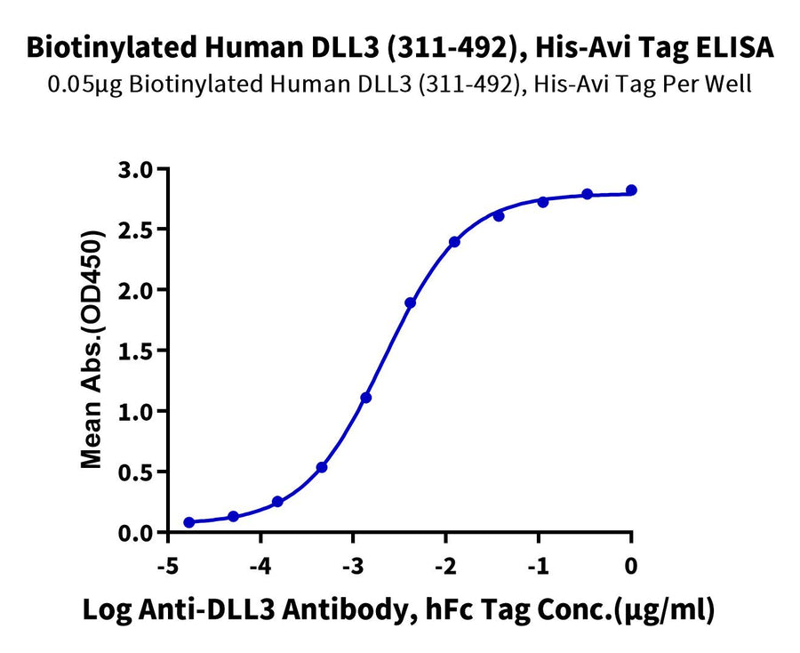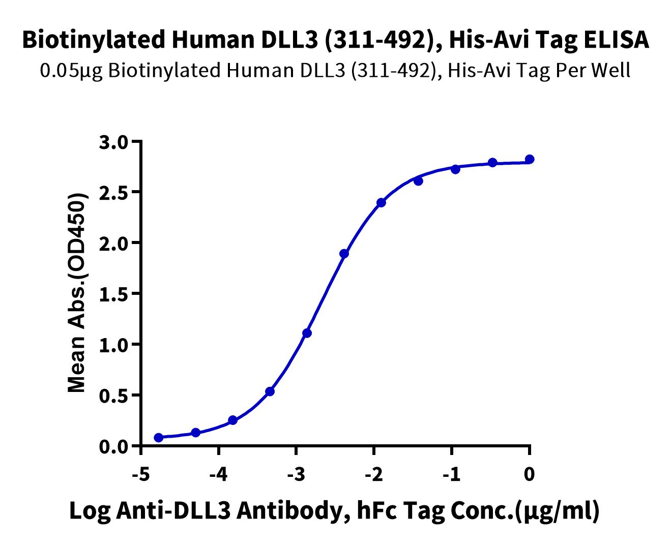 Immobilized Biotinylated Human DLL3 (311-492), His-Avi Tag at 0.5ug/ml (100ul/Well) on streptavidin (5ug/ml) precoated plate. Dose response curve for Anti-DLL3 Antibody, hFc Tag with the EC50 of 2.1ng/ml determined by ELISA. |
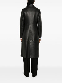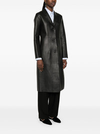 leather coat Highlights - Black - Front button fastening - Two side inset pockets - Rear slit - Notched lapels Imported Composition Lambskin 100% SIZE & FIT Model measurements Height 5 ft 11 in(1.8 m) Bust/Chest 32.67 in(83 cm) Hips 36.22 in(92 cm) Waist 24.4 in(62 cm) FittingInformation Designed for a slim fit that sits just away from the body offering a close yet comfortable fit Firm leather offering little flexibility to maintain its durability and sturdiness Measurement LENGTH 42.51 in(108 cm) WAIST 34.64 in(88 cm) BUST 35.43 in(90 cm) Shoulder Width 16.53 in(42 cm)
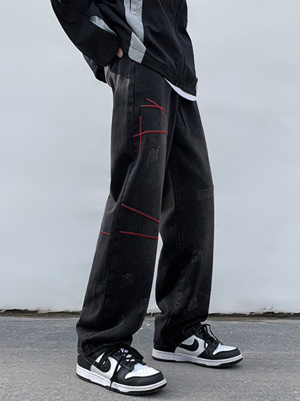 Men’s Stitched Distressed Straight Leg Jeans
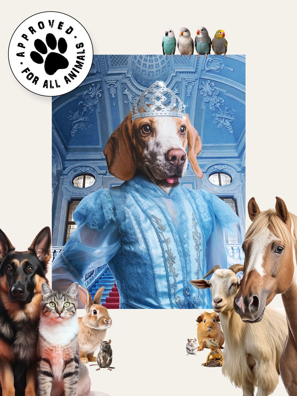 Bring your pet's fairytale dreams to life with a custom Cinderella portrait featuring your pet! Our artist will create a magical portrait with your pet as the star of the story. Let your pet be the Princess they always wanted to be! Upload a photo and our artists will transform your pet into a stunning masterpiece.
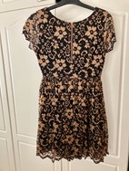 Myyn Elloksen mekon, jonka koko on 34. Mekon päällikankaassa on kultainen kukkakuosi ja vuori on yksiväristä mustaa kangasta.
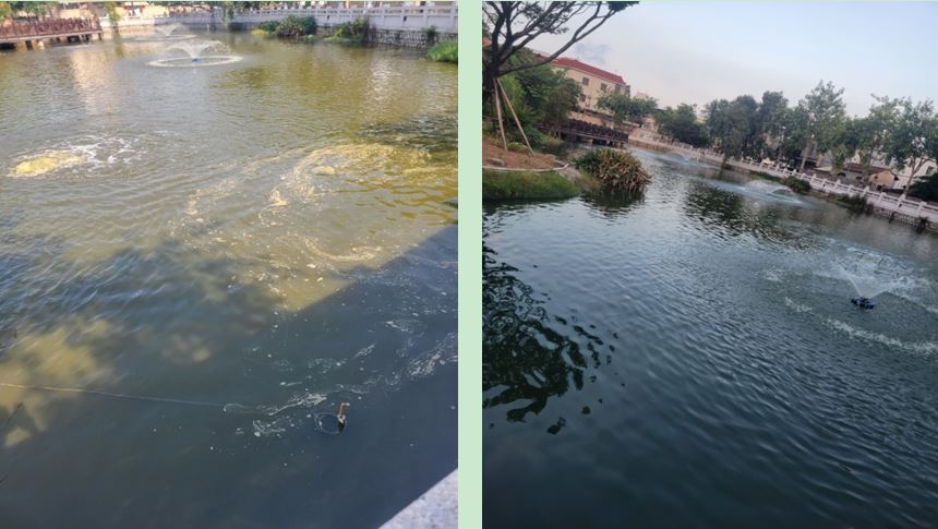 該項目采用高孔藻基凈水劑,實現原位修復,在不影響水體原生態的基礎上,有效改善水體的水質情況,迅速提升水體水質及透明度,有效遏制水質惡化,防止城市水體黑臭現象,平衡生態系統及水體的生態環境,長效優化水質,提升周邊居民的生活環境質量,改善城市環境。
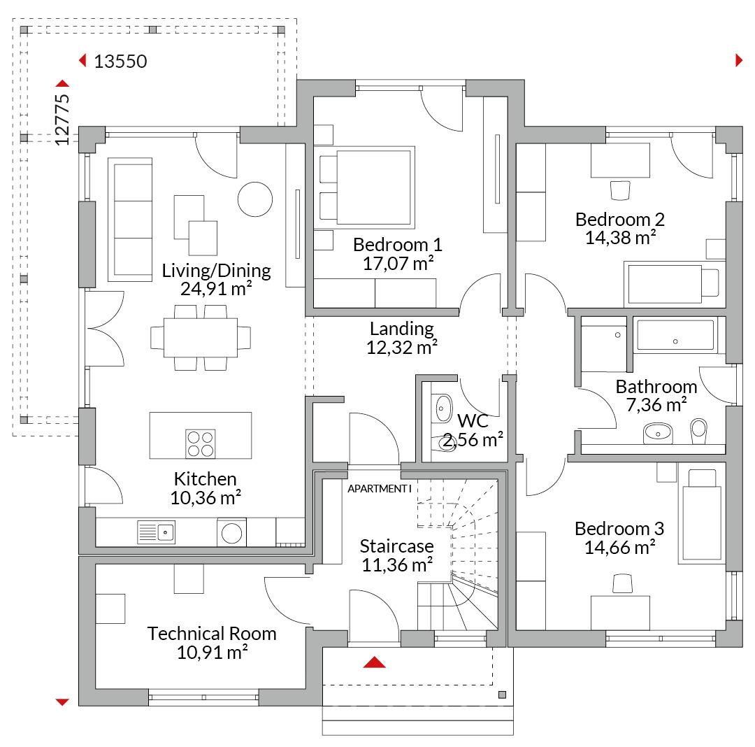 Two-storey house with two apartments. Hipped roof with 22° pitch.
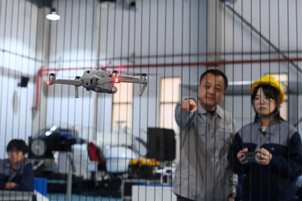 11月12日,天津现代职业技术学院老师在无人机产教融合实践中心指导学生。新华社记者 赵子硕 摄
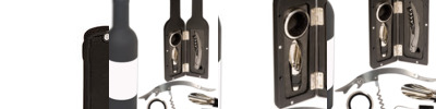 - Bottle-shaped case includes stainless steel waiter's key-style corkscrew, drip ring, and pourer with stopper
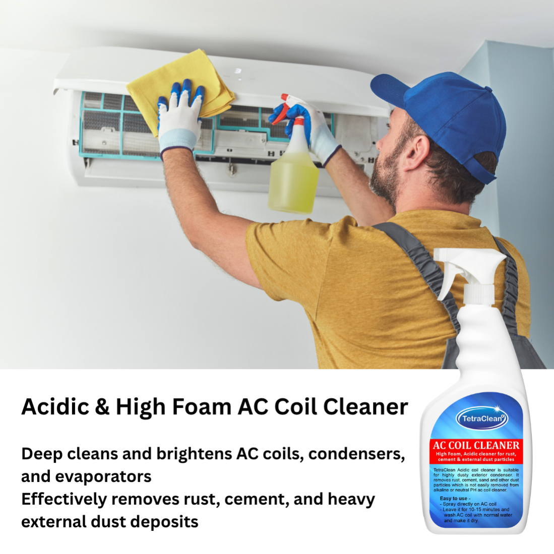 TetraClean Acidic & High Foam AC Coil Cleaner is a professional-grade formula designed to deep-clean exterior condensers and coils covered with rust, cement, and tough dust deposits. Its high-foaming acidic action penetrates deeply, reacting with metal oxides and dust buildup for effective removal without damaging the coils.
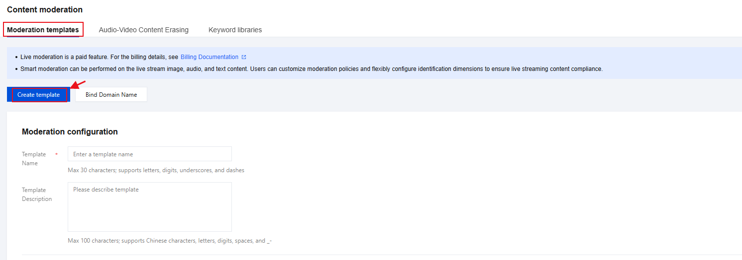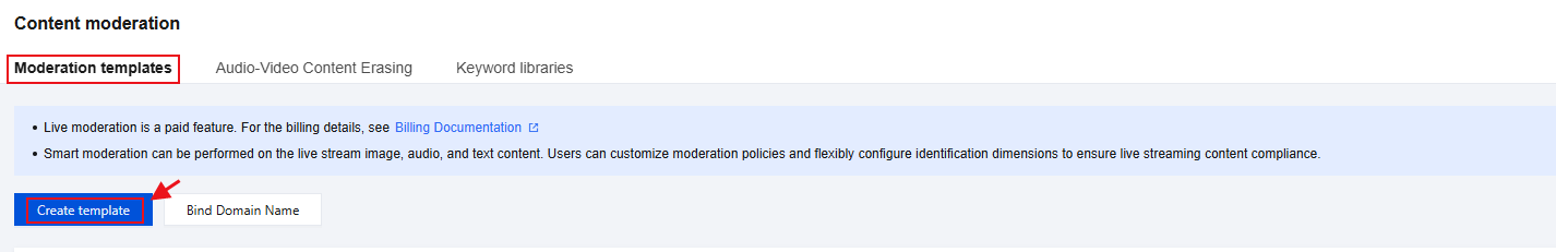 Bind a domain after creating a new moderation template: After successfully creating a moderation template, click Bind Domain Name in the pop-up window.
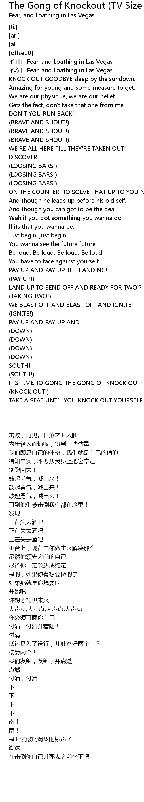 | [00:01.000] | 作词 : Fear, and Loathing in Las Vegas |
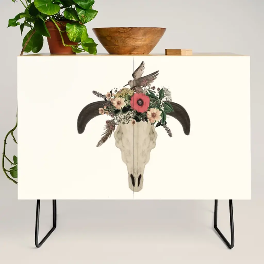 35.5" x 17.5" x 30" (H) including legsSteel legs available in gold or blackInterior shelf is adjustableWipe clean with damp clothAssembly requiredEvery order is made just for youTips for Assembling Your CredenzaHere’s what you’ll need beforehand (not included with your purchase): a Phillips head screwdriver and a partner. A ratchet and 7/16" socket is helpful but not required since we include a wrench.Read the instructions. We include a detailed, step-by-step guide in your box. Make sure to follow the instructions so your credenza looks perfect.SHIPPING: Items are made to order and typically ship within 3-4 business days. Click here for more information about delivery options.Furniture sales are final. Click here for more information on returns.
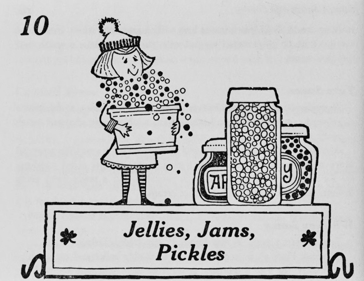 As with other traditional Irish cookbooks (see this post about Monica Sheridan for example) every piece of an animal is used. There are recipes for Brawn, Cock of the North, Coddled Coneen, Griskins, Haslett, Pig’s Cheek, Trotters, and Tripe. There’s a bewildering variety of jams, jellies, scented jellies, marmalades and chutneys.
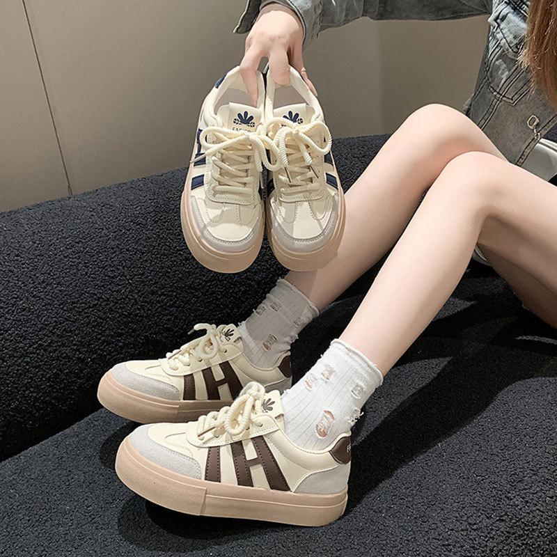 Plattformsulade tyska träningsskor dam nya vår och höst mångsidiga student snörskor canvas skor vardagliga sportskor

● **Exercise aim**:
Repeat the entries exactly, pictures left out.

● **Reply**:
 Immobilized Biotinylated Human DLL3 (311-492), His-Avi Tag at 0.5ug/ml (100ul/Well) on streptavidin (5ug/ml) precoated plate. Dose response curve for Anti-DLL3 Antibody, hFc Tag with the EC50 of 2.1ng/ml determined by ELISA. |
 leather coat Highlights - Black - Front button fastening - Two side inset pockets - Rear slit - Notched lapels Imported Composition Lambskin 100% SIZE & FIT Model measurements Height 5 ft 11 in(1.8 m) Bust/Chest 32.67 in(83 cm) Hips 36.22 in(92 cm) Waist 24.4 in(62 cm) FittingInformation Designed for a slim fit that sits just away from the body offering a close yet comfortable fit Firm leather offering little flexibility to maintain its durability and sturdiness Measurement LENGTH 42.51 in(108 cm) WAIST 34.64 in(88 cm) BUST 35.43 in(90 cm) Shoulder Width 16.53 in(42 cm)
 Men’s Stitched Distressed Straight Leg Jeans
 Bring your pet's fairytale dreams to life with a custom Cinderella portrait featuring your pet! Our artist will create a magical portrait with your pet as the star of the story. Let your pet be the Princess they always wanted to be! Upload a photo and our artists will transform your pet into a stunning masterpiece.
 Myyn Elloksen mekon, jonka koko on 34. Mekon päällikankaassa on kultainen kukkakuosi ja vuori on yksiväristä mustaa kangasta.
 該項目采用高孔藻基凈水劑,實現原位修復,在不影響水體原生態的基礎上,有效改善水體的水質情況,迅速提升水體水質及透明度,有效遏制水質惡化,防止城市水體黑臭現象,平衡生態系統及水體的生態環境,長效優化水質,提升周邊居民的生活環境質量,改善城市環境。
 Two-storey house with two apartments. Hipped roof with 22° pitch.
 11月12日,天津现代职业技术学院老师在无人机产教融合实践中心指导学生。新华社记者 赵子硕 摄
 - Bottle-shaped case includes stainless steel waiter's key-style corkscrew, drip ring, and pourer with stopper
 TetraClean Acidic & High Foam AC Coil Cleaner is a professional-grade formula designed to deep-clean exterior condensers and coils covered with rust, cement, and tough dust deposits. Its high-foaming acidic action penetrates deeply, reacting with metal oxides and dust buildup for effective removal without damaging the coils.
 Bind a domain after creating a new moderation template: After successfully creating a moderation template, click Bind Domain Name in the pop-up window.
 | [00:01.000] | 作词 : Fear, and Loathing in Las Vegas |
 35.5" x 17.5" x 30" (H) including legsSteel legs available in gold or blackInterior shelf is adjustableWipe clean with damp clothAssembly requiredEvery order is made just for youTips for Assembling Your CredenzaHere’s what you’ll need beforehand (not included with your purchase): a Phillips head screwdriver and a partner. A ratchet and 7/16" socket is helpful but not required since we include a wrench.Read the instructions. We include a detailed, step-by-step guide in your box. Make sure to follow the instructions so your credenza looks perfect.SHIPPING: Items are made to order and typically ship within 3-4 business days. Click here for more information about delivery options.Furniture sales are final. Click here for more information on returns.
 As with other traditional Irish cookbooks (see this post about Monica Sheridan for example) every piece of an animal is used. There are recipes for Brawn, Cock of the North, Coddled Coneen, Griskins, Haslett, Pig’s Cheek, Trotters, and Tripe. There’s a bewildering variety of jams, jellies, scented jellies, marmalades and chutneys.
 Plattformsulade tyska träningsskor dam nya vår och höst mångsidiga student snörskor canvas skor vardagliga sportskor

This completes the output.